Common prefrontal cortex (PFC) lipid changes after chronic unpredictable stress (CUS) and exogenous corticosterone (CORT) exposure. Common altered lipid species composition in the prefrontal cortex of adult rats submitted to 4 weeks of CUS or (red bars) submitted to 4 weeks of subcutaneous CORT (40mg/kg) injections (pink bars). Results are expressed as percentual change ratio with each control group; for the CUS the ratio values are relative to control handled animals; for the CORT injected animals the ratio values are relative to vehicle injected animals.
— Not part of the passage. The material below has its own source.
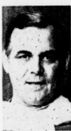
Le juge Julien CHOUINARD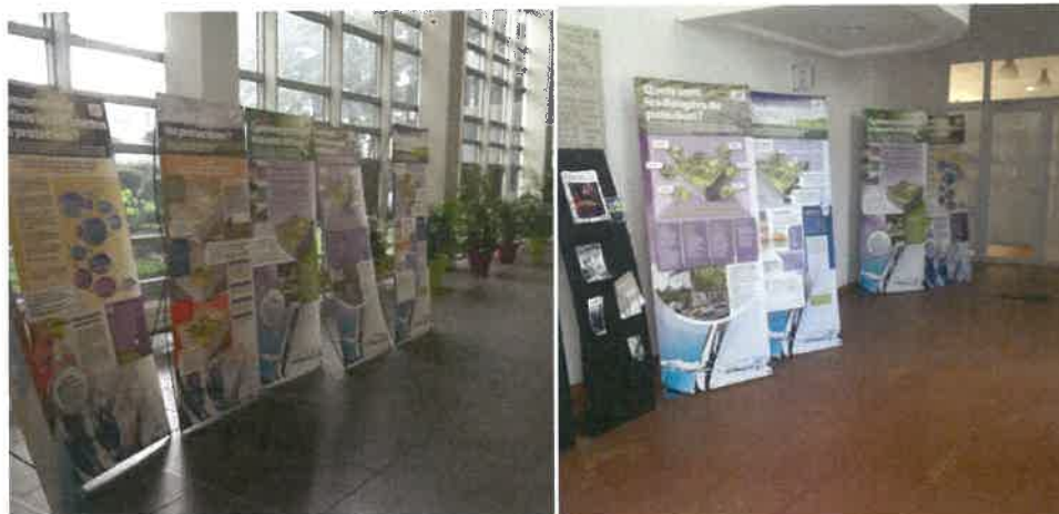
Présentation des panneaux accompagnant l'enquête publique, dans le hall d'accueil de la mairie de Cergy

Cer, ceramide; PA, phosphatidic acid; PC, phosphatidylcholine; PCe, ether phosphatidylcholine; PE, phosphatidylethanolamine; PEp, plasmalogen phosphatidylethanolamine; PG, phosphatidylglycerol; LPC, lysophosphatidylcholine. N = 10 per group. Results are presented as mean and bars as standard error of the mean. * p ≤ 0,05; ** p ≤ 0,01; *** p ≤ 0,001.